[INPUT RECORDS Boundary: Start]

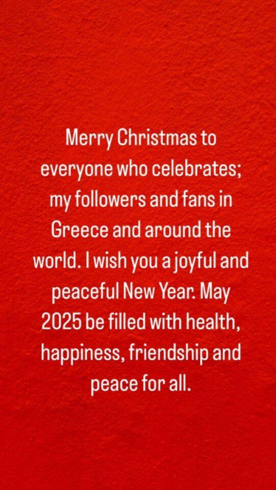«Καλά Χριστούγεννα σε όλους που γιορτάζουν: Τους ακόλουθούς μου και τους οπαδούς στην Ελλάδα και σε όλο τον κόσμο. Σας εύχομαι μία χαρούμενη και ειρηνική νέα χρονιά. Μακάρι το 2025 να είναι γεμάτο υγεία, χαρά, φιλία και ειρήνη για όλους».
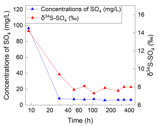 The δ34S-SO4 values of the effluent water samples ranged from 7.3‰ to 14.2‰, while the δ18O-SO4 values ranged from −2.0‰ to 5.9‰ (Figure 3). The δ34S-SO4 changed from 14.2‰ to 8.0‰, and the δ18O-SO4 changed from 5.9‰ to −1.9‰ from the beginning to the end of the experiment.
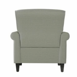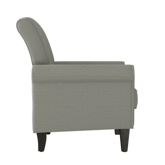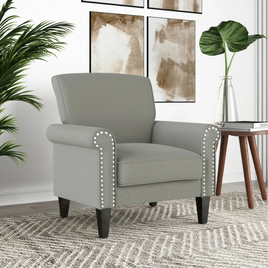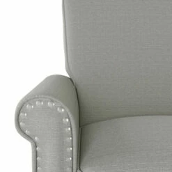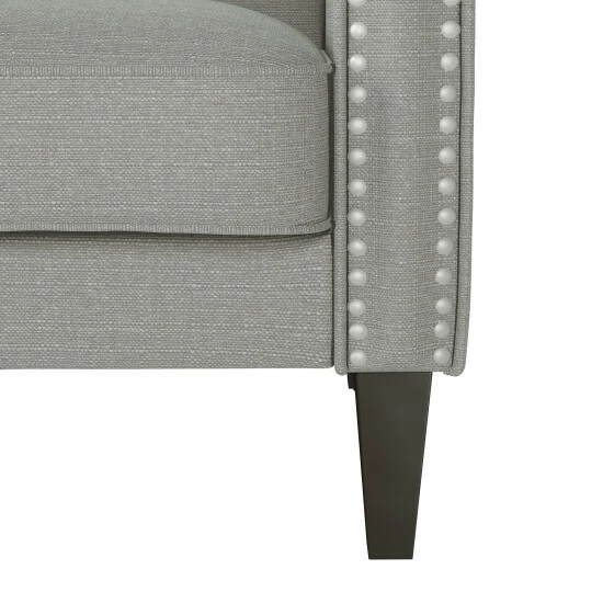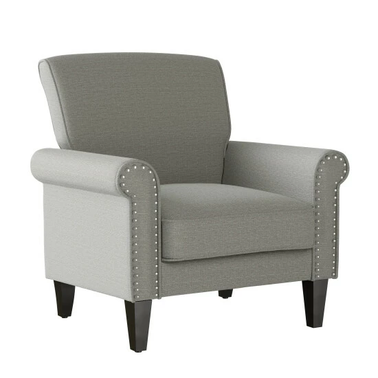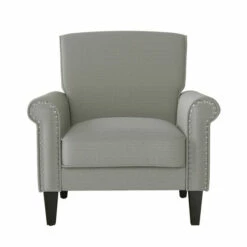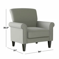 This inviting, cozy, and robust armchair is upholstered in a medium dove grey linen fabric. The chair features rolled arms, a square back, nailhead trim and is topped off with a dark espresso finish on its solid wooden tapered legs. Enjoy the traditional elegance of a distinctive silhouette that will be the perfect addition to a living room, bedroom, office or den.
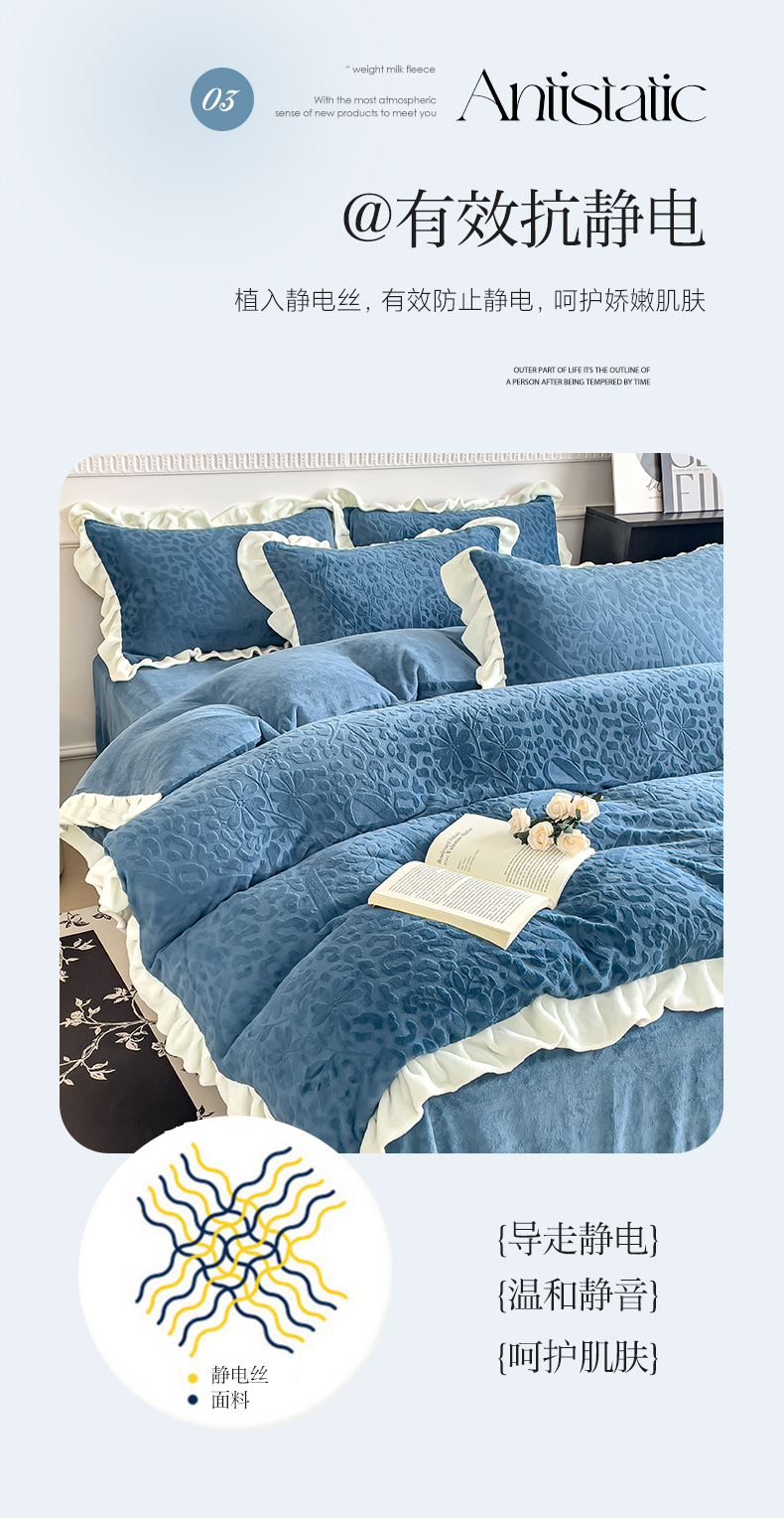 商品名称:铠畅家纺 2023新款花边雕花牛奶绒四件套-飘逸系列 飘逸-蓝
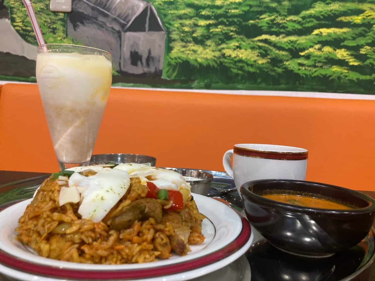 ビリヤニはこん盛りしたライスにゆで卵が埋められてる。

[INPUT RECORDS Boundary: End]
[INPUT RECORDS Boundary: Start]

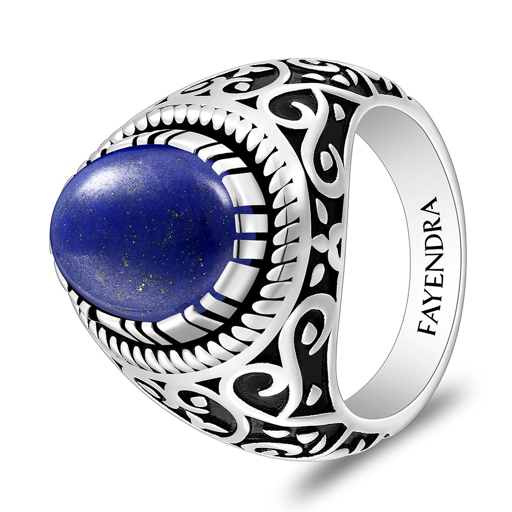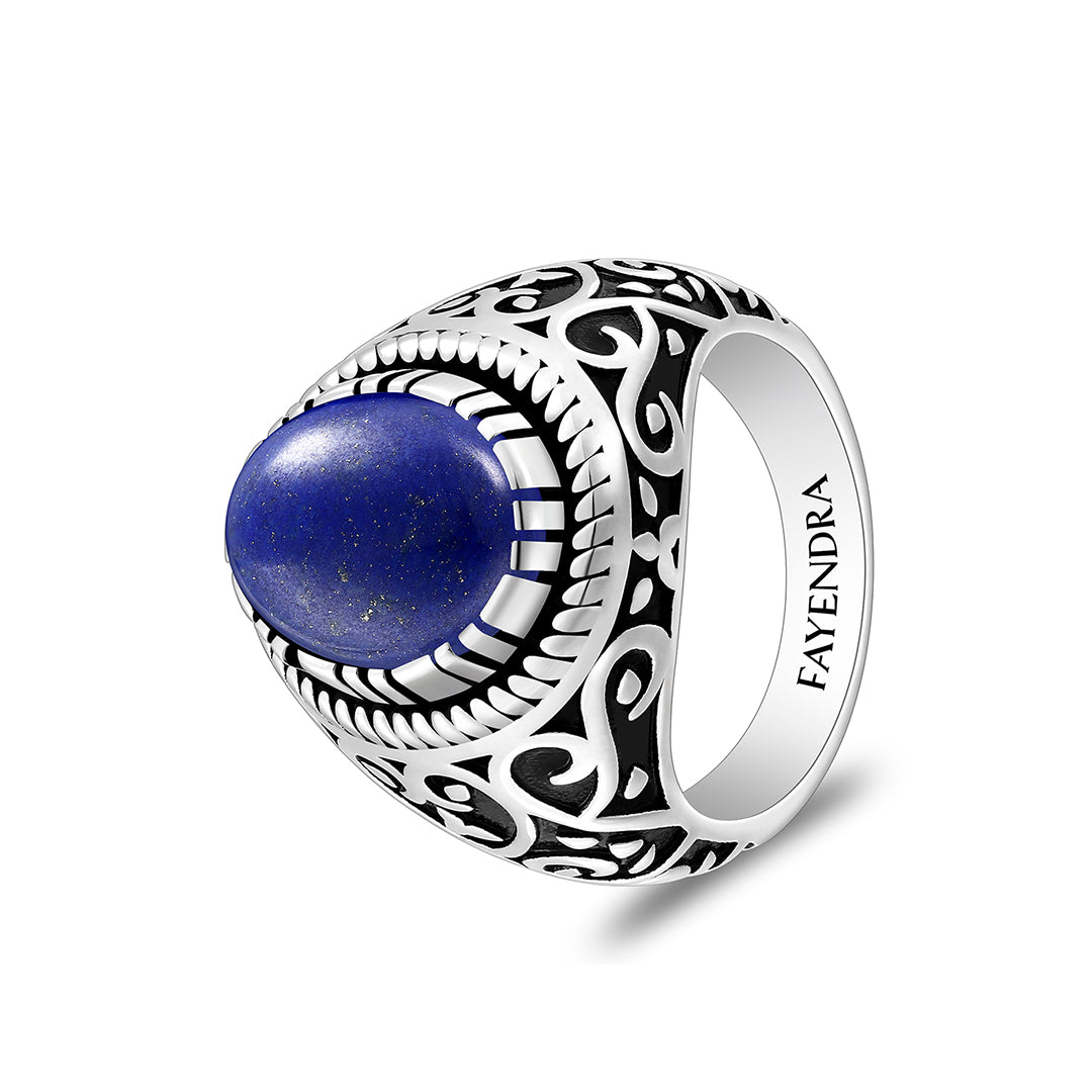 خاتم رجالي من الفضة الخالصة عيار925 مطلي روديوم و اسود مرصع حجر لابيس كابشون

[INPUT RECORDS Boundary: End]
[INPUT RECORDS Boundary: Start]

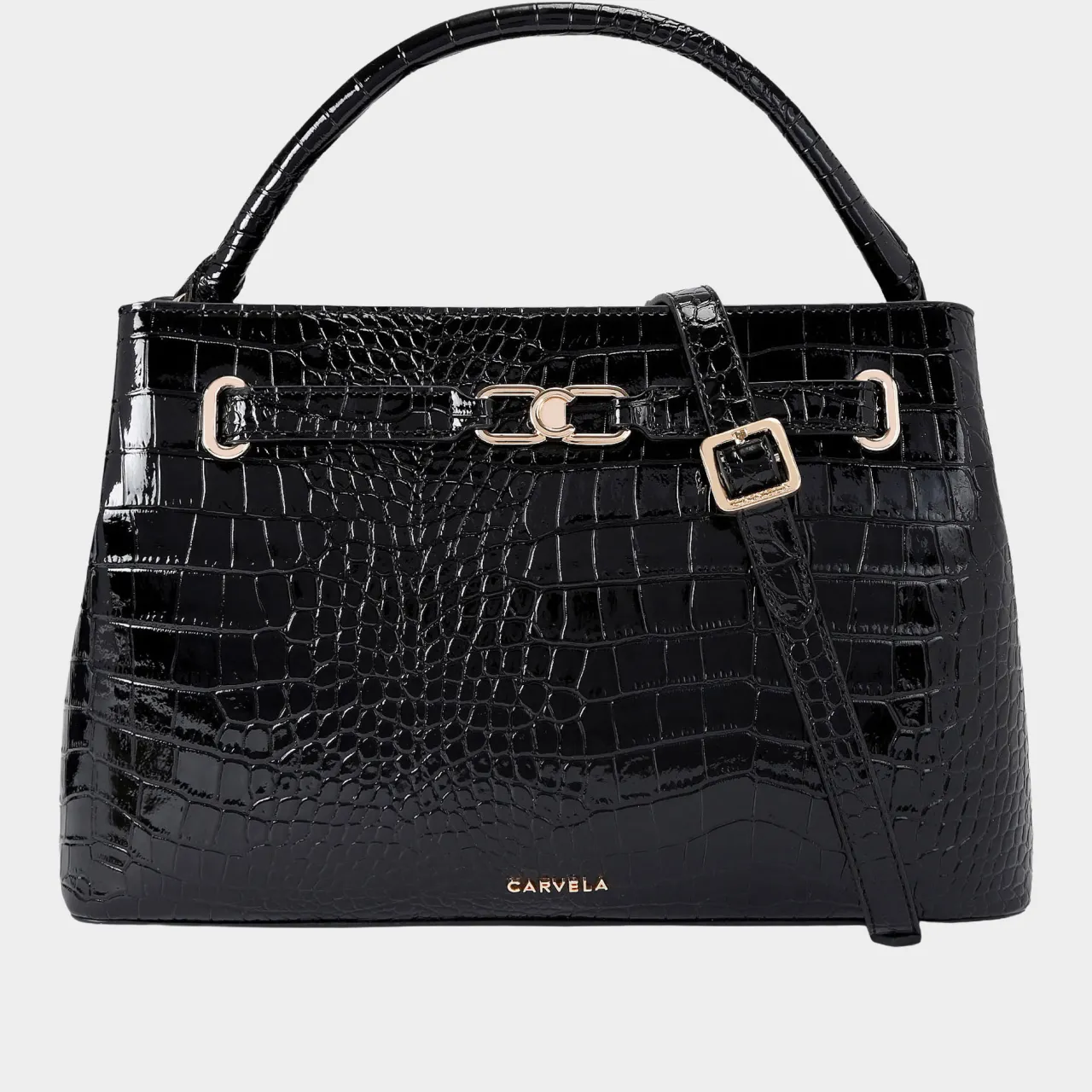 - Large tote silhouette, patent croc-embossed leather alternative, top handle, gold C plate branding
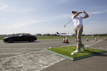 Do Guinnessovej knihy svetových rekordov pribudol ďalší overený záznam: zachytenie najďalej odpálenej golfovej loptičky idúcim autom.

[INPUT RECORDS Boundary: End]

** TASK GOAL **
Write back word for word every line in the entries above from the one with "商品名称:铠畅家纺 2023新款花边雕花牛奶绒四件套-飘逸系列 飘逸-蓝" to the one with "ビリヤニはこん盛りしたライスにゆで卵が埋められてる。", ends included, and none of the pictures.

** ANSWER AREA **
 商品名称:铠畅家纺 2023新款花边雕花牛奶绒四件套-飘逸系列 飘逸-蓝
 ビリヤニはこん盛りしたライスにゆで卵が埋められてる。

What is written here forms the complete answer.